24 de diciembre de 2010

UNA DE LA FACULTAD EN DICTADURA

(una anécdota, leída en Teatro Abierto, 2010)

Yo venía de mi propio infierno, la secundaria, que me había convertido en una solitaria de mirada torva, alguien que no creía en el sol.
Filosofía y Letras, esa facultad de rebeldes que los milicos odiaban, me sorprendió, me rescató, me hizo de nuevo desde afuera. Después de años de silencio, tuve amigas. Amigos. Si me pongo a pensarlo, eso fue lo más importante que aprendí en el viejo edificio de Independencia: no lo que me enseñaban los profesores (muchos, la mayoría, autoritarios y poco interesantes); aprendí la amistad a pesar del miedo. La amistad en el miedo.
Porque había miedo. Cada tanto, quedaban asientos vacíos en los prácticos.

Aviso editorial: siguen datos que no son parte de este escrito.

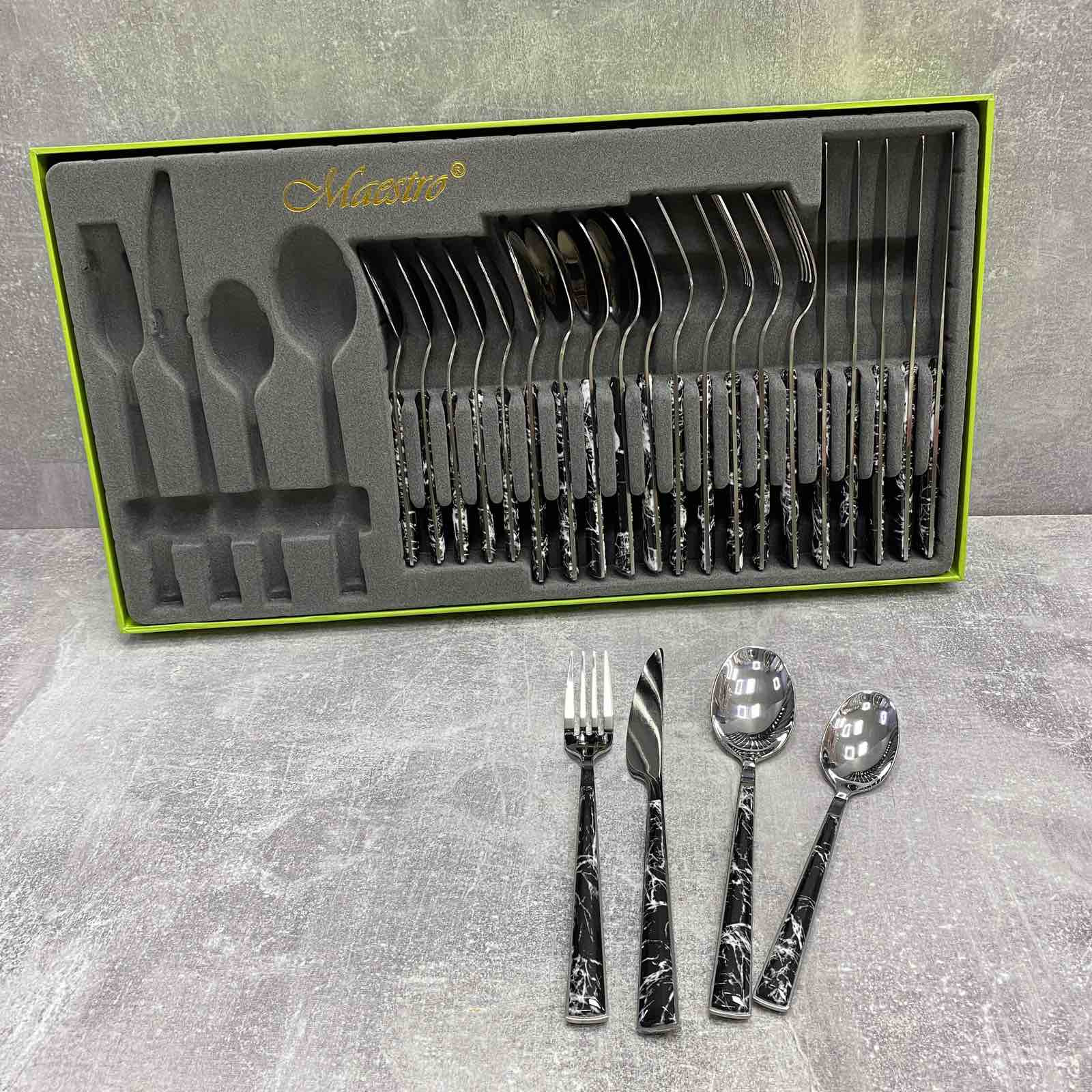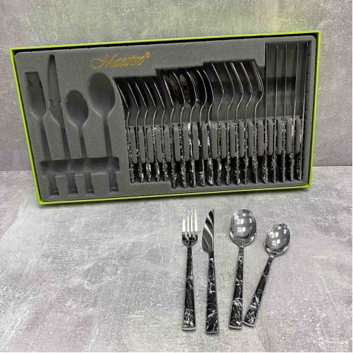 Набор столовых приборов 24 предмета черный мрамор Maestro MR-1535-24-2В
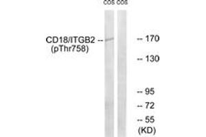 CD18/ITGB2 (Phospho-Thr758) Antibody detects endogenous levels of CD18/ITGB2 only when phosphorylated at Thr758.
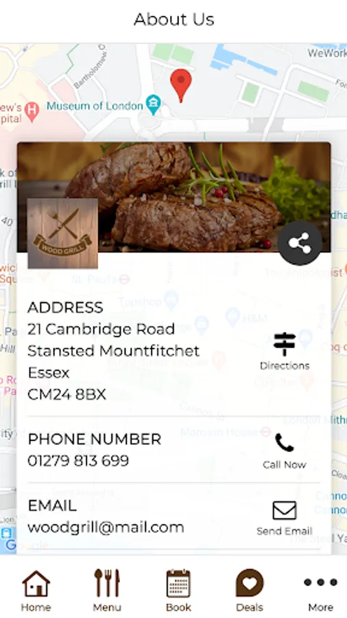 Welcome to Wood Grill Restaurants App. Download today to view our menus, book a table at your local Wood Grill restaurant, see our latest events and access our latest deals and offers, whilst staying up to date with our latest restaurant news. With restaurants in Stansted Mountfitchet in Essex, Huntingdon in Cambridgeshire and Croydon, Royston Herfordshire Wood Grill Restaurants produce delicious meals using the freshest ingredients and produce from our trusted suppliers. We have a great selection of starters, a Grill Menu, Burger Menu, Fish Menu, Specialties and Pizza Menu without forgetting Dessert! We also serve a selection of wines & champagne.
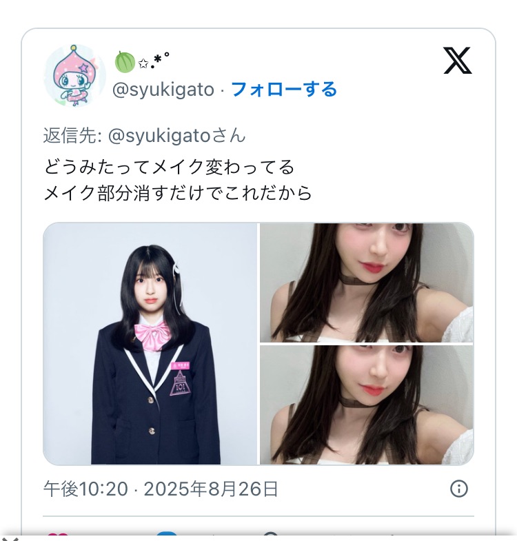 「どうみたってメイク変わってる メイク部分消すだけでこれだから」
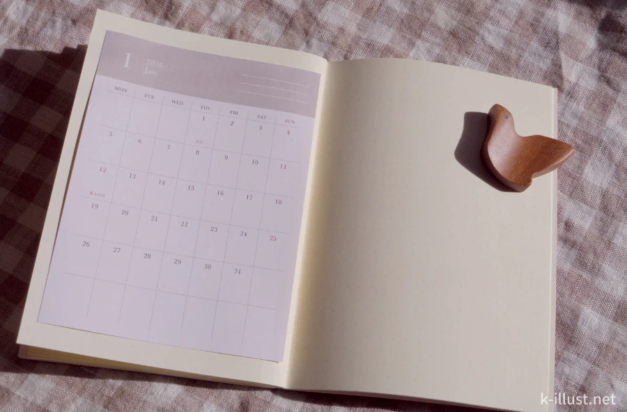 私にとって手帳タイムは、心を整える時間でもあるので、にぎやかなデザインよりも静けさと優しさがただようこのデザインが本当にドストライクすぎます。
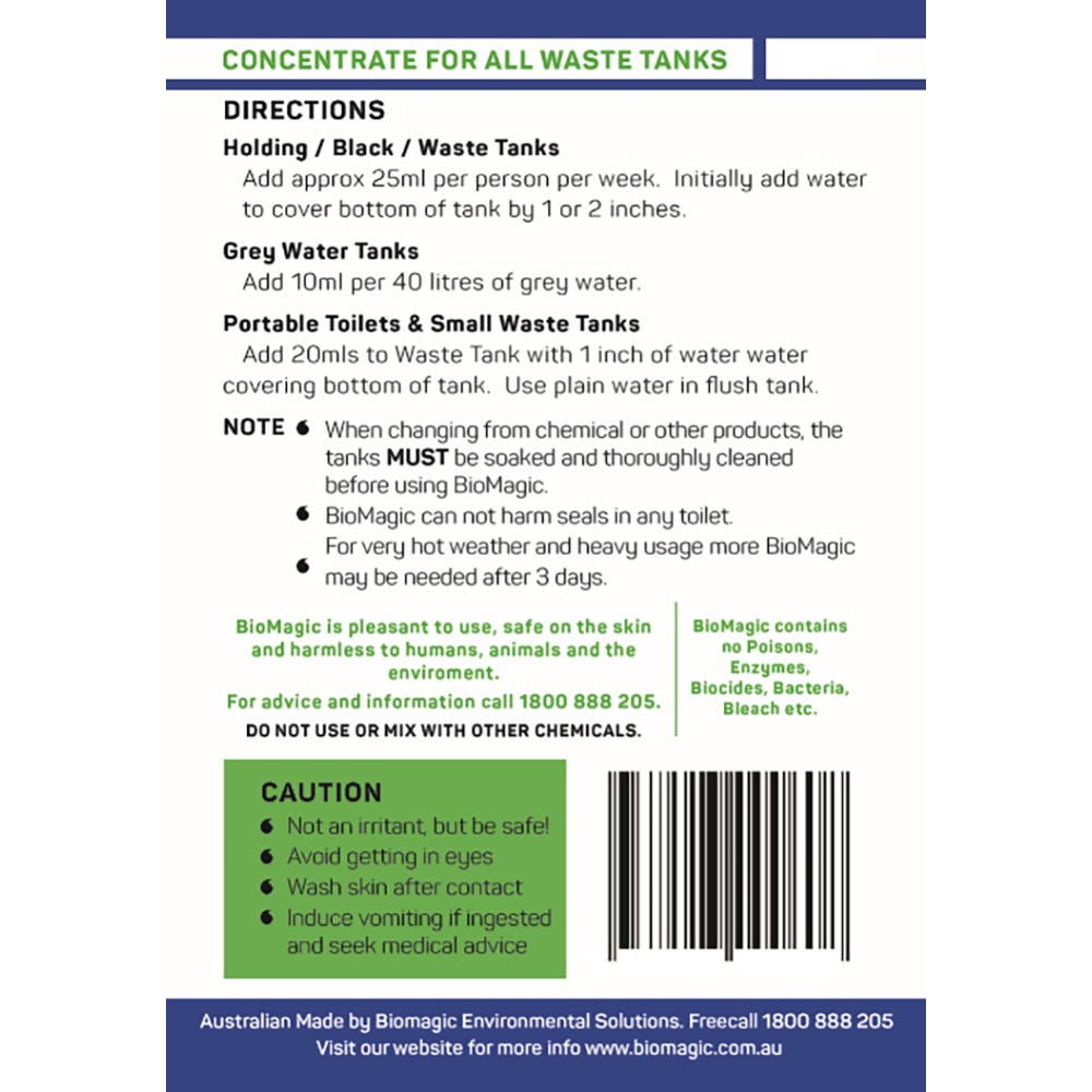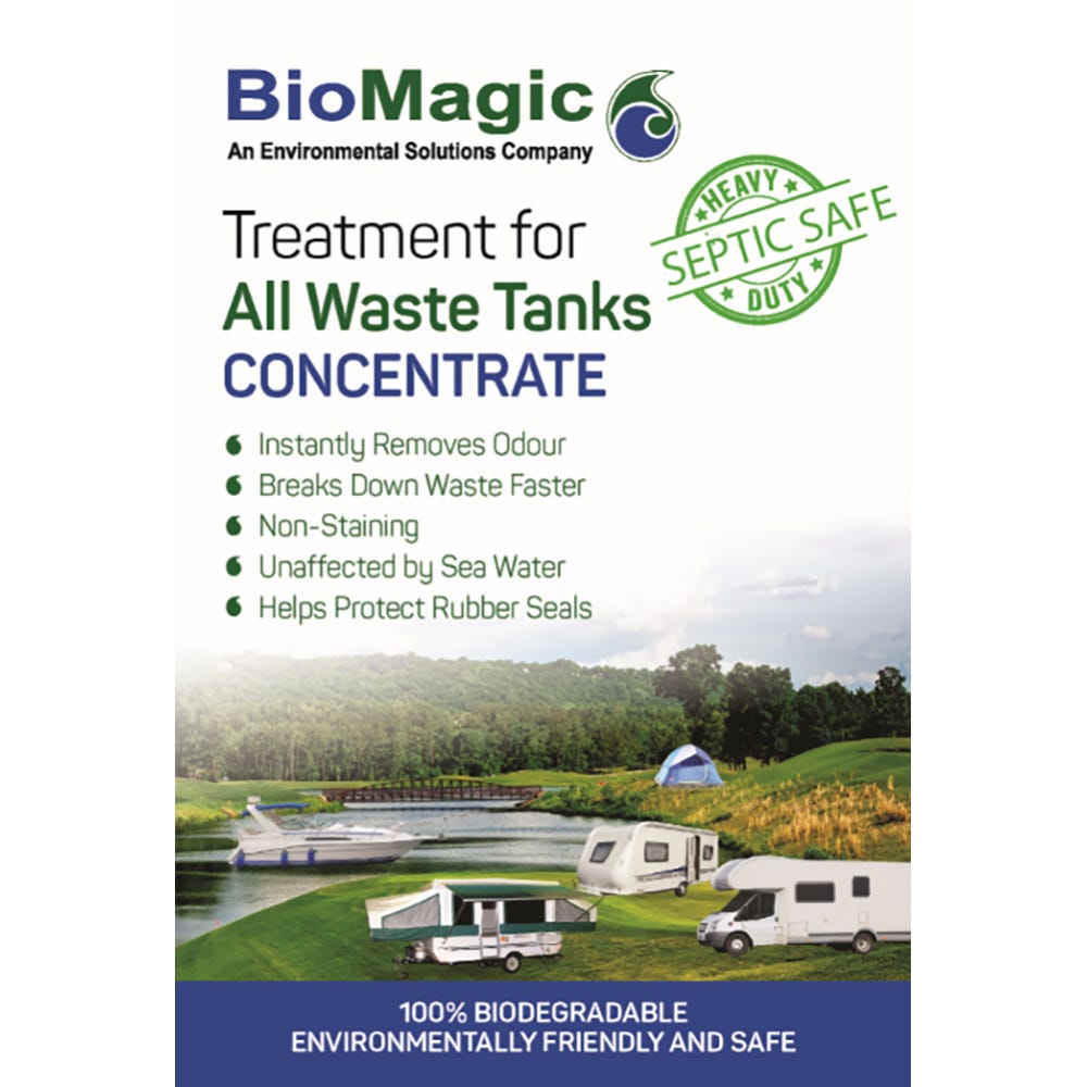 Suitable for all small portable toilets, cassette or holding tanks as well as grey water and septic waste systems, this new concentrate from Biomagic uses less per dosage and prevents the need to cart around extra weight and packaging!
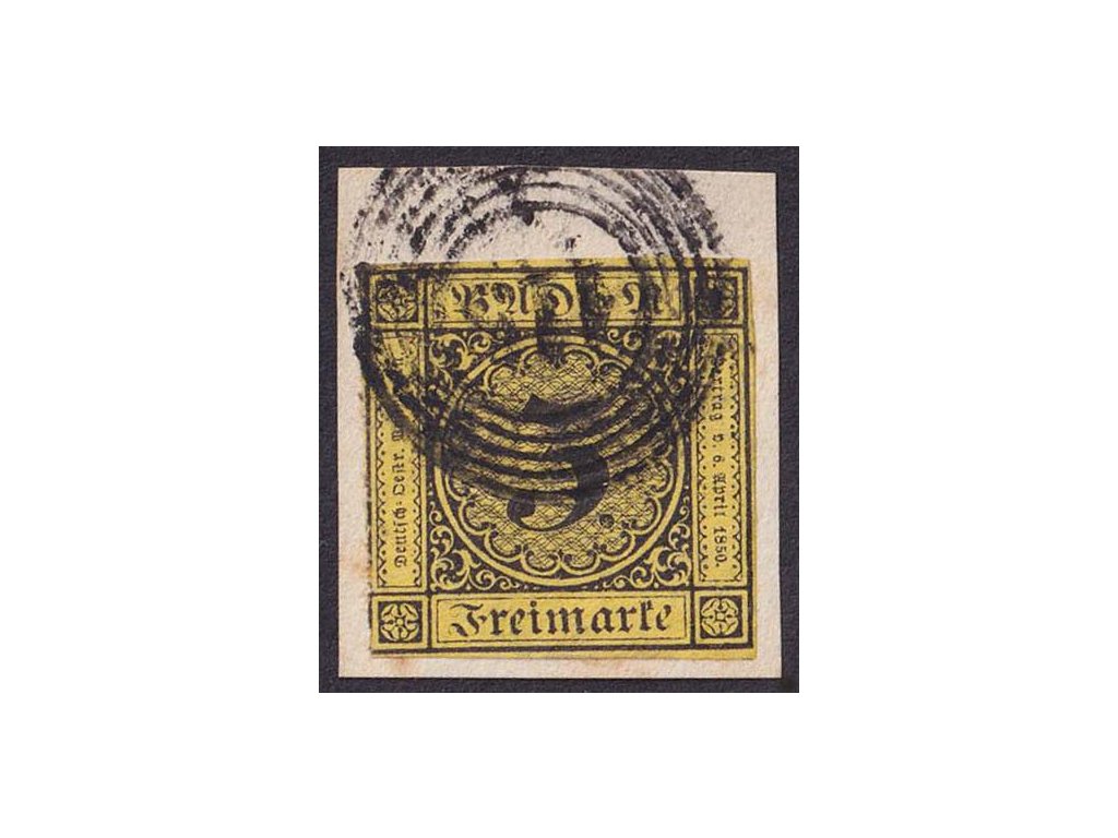 Poštovní známka, Baden, 1851, 3 Kr černá/oranžová, MiNr.2, výstřižek, několik nepatrných skvrnek
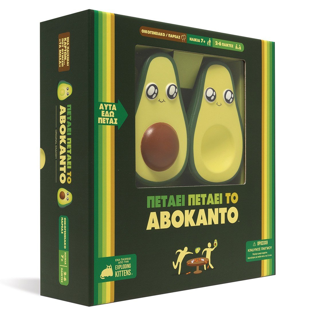 Αυτό είναι ένα παιχνίδι ΠΑΡΕΑΣ που δε μοιάζει με κανένα άλλο που έχετε παίξει μέχρι τώρα. Είναι ένας συνδυασμός μεταξύ παιχνιδιού με κάρτες και Μήλων. Ναι τα κλασικά Μήλα, που παίζουμε στο σχολείο, αυτό που πετάς μπάλες ο ένας στον άλλο. Εδώ, οι παίκτες συγκρούονται μεταξύ τους συλλέγοντας κάρτες, κερδίζοντας πόντους και πετώντας ο ένας στον άλλο… Αβοκάντο, μικρά μαλακά Αβοκάντο! Πρέπει να θυμάστε μόνο 3 πράγματα: Μαζέψτε κάρτες, παίξτε κάρτες, ρίξτε αβοκάντο στους φίλους σας. Τελικά Πετάει Πετάει το Αβοκάντο;
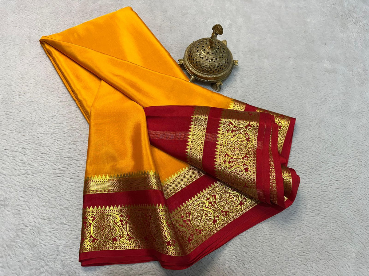 Royal Mysore Silk Soft Saree With Traditional Contrast Border Work
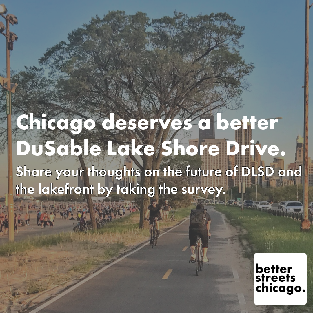 Better Streets Chicago wants to learn more about the public’s thoughts on the future of DuSable Lake Shore Drive and the lakefront. This 15 minute survey asks about Chicagoans’ transportation habits, relationship with the lakefront parks, and our collective vision for the future of DLSD and the lakefront. All responses remain anonymous and the results will be used by Better Streets Chicago as part of their ongoing advocacy supporting an alternative vision for DLSD. You can access the survey in English or in Spanish.
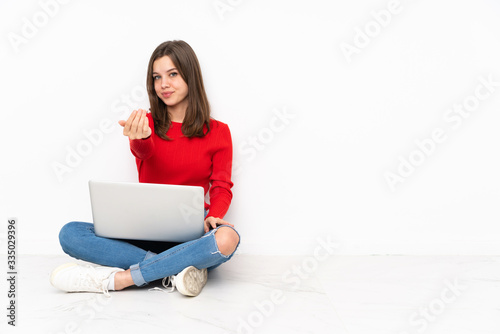 Naklejka premium Tenaager girl working with pc isolated on white background inviting to come...
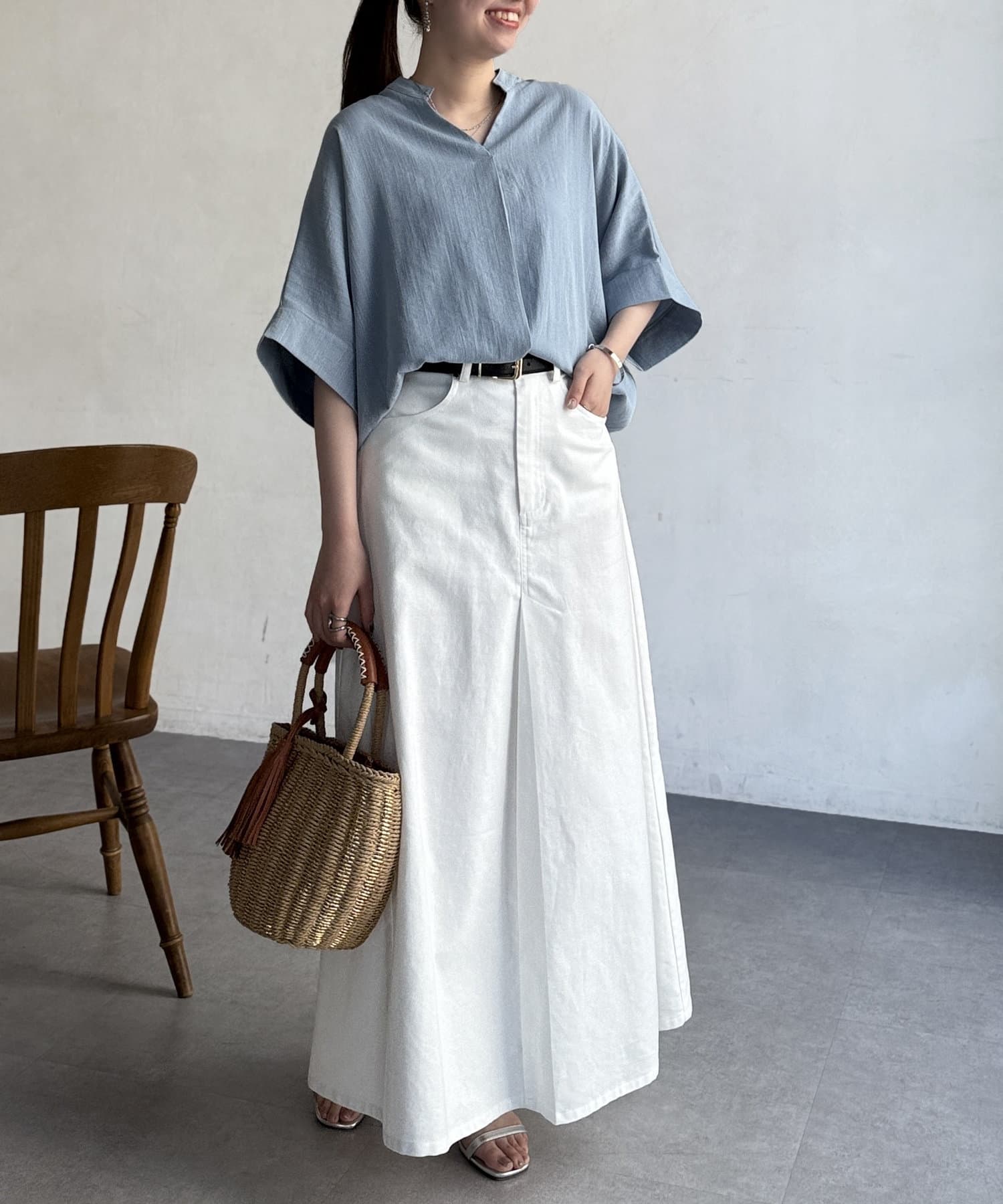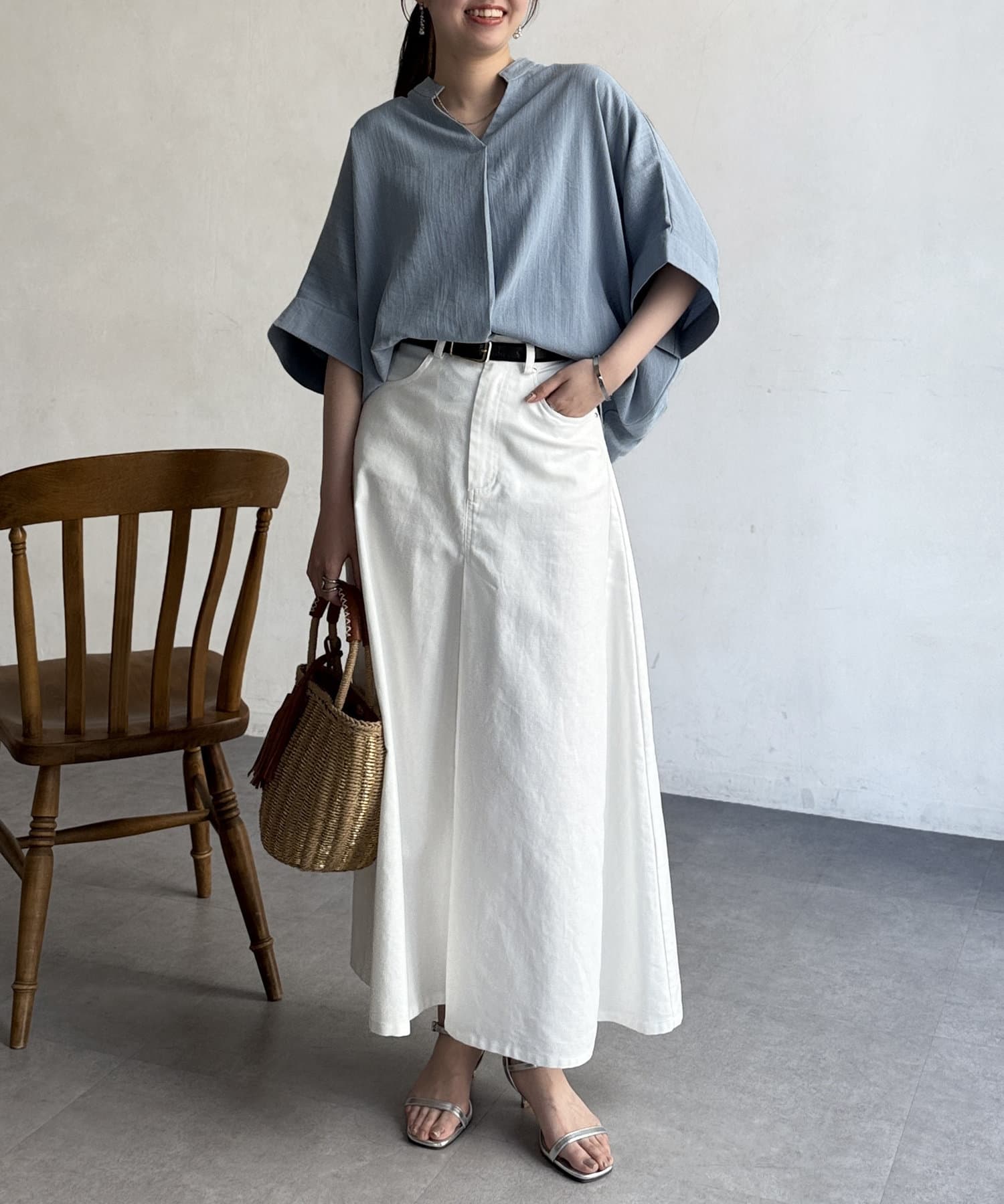 デニムパンツやワイドパンツ、ナロースカートなど幅広いアイテムと合わせていただけます。

Cada tanto, se levantaban armas en la puerta donde era imposible pasar sin la libreta.
Una tarde, cuando yo acababa de descubrir la magia de estudiar en Diógenes, el café, se llevaron a una chica que tomaba algo dos mesas más allá. Yo la conocía de vista: flaca, la ropa clara. Esa tarde entraron de a cuatro y se la llevaron. Fue rápido y por más que lo intento, no consigo acordarme de lo que hicimos los demás. Tal vez no quiero acordarme aunque sé lo que hice yo: me quedé quieta, inmóvil, paralizada. Como siempre.
Me acuerdo, eso sí, de las palabras de una compañera que se inclinó hacia mí y me dijo en un susurro: “Tiene un bebé. Tiene un bebé”. Así, dos veces, como si esas palabras contuvieran el momento, lo apretaran dentro de un punto único: el bebé, la vida del bebé allá adelante, como un dibujo, un signo de interrogación amargo, definitivo.
El día del Bicentenario pensé en esas tres palabras convertidas en seis por la repetición: Tiene un bebé. Tiene un bebé. No sé por qué pero pensé en eso, en cómo esas dos oraciones escribían una historia que estaba empezando y que empezaba mal, casi sin esperanza. En cómo la esperanza se las arregló para ser a pesar de todo. Sí, por eso, la historia se reducía a esa oración, al bebé, al verbo “tener”.
Tal vez, diría yo hoy, en 2010, lo que sabemos ahora es que esa historia tiene sentido porque la esperanza, como las palabras, es empecinada. Irreversible. Turbia. La prueba es que sigue ahí. Sigue ahí a pesar del horror de ese principio (no volvimos a ver a la chica flaca de ropa clara), a pesar de los años (son muchos años).
Sigue ahí, como siempre, empujando historias. Construyéndolas despacio hasta que las historias también se empecinan y hablan y dicen y se vuelven turbias. Irreversibles.